Governor’s pension plan unfair to teachers

By Carey Donovan, Special to the BDN
Posted April 03, 2011, at 6:23 p.m.

The Maine State Retirement System functions an alternate to the Social Security system. With the exception of 16 state retirement systems, our entire country participates in the Social Security system. Under this system, the employee has 6.25 percent (4.2 percent this year as part of the stimulus plan) of his pay set aside from his paycheck, and the employer also contributes 6.2 percent. If you are self-employed, as my husband is, you pay 13.3 percent of your earnings into the Social Security system.

In Maine, state employees and teachers contribute 7.65 percent of their pay to the Maine State Retirement System. The state contributes 5.5 percent. It seems to me that if the state had been paying 7.65 percent all along, there would be no unfunded liability.

Gov. Paul LePage proposes to drop the state’s contribution to 3.5 percent. This is both an abdication of a responsibility that belongs to every employer and a very strange way of fixing a problem of unfunded liability.

There may be a perception that teachers have very generous benefits and can afford to give a little for the benefit of all. Here are some facts about teacher retirement.

Right now the average amount that retired teachers in Maine receive is about $19,000. Out of this amount, teachers pay almost $4,000 per year for their individual health insurance plan.

Did you know that most teachers are unable to collect any Social Security benefit, even if they have earned it or would normally be entitled to a spousal benefit? The Government Offset Provision and Windfall Elimination Provision eliminates or drastically reduces this benefit for all state retirees. For retired teachers, the state retirement system is all they have.

Under the current system, the increase in a teacher’s retirement benefit is capped at 4 percent per year. Each year a determination is made, based on the Consumer Product Index, of what the increase should be, and by law it can never be more than 4 percent.

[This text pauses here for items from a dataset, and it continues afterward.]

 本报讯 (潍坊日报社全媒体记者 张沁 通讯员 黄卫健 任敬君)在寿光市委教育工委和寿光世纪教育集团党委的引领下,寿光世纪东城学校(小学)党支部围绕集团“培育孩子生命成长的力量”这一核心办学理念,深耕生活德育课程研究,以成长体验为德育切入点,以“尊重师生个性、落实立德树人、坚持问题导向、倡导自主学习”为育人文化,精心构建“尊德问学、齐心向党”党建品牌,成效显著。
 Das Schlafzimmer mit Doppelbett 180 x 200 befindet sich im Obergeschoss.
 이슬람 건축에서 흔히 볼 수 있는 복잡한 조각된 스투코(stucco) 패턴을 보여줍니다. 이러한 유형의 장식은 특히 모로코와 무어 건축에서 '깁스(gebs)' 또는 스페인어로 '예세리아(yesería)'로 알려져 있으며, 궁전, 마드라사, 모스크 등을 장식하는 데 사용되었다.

Gov. LePage’s proposal is to cap the increase at 2 percent. This will make a huge difference for retired teachers and state employees. If people are fortunate enough to enjoy a long life, they may be retired for more than 20 years. With rising prices for food, fuel, gasoline, and medicine, a 2 percent cap over 20 years is going to make our retired teachers and state employees poorer and poorer.

Retired teachers in Maine receive a 45 percent health benefit. Gov. LePage’s proposal is to freeze this benefit at today’s amount and then allow it to increase by only 4 percent per year. Since health insurance costs typically rise by more than 4 percent per year, this will result in further erosion of teacher retirement.

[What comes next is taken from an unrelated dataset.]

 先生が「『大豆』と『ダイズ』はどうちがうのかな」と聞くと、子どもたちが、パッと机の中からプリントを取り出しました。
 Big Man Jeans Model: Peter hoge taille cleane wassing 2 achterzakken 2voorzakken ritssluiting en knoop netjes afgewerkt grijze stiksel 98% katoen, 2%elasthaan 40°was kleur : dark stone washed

Gov. LePage is proposing to increase the retirement age to 65 and proposing that teachers who retire before age 65 not receive any health benefit until they turn 65. Teaching is a very demanding profession that requires great energy and commitment. Tthe average age for teacher retirement is 59.

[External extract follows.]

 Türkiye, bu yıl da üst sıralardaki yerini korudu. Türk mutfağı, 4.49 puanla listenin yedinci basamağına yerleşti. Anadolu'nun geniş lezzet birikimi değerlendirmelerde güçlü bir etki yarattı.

Today, a teacher who retires at 59 permanently loses 18 percent of his retirement benefit (you lose 6 percent per year for the number of years you retire before age 62), but does receive the 45 percent health benefit. Under Gov. LePage’s plan, this same teacher would lose 36 percent of their retirement benefit (6 percent times 6 years) permanently and would receive no health benefit until age 65.

The likely result of this proposal would be that many teachers would feel compelled to teach until age 65. This is not good for the individual who wants to retire; it is not good for local school districts who will be paying at the top of the salary scale for several extra years; and it is not good for young people who want to enter the field of education.

I believe that Gov. LePage’s proposals will receive a lot of scrutiny in Augusta and they should. I am hopeful that our state legislators will look at this problem from all angles and come up with a plan that provides for a reasonable retirement benefit, creates solvency in the system and distributes fairly the responsibility of paying for it between employees and the state.

Carey Donovan of Bernard is an elementary school guidance counselor in the Mount Desert Island Regional School System.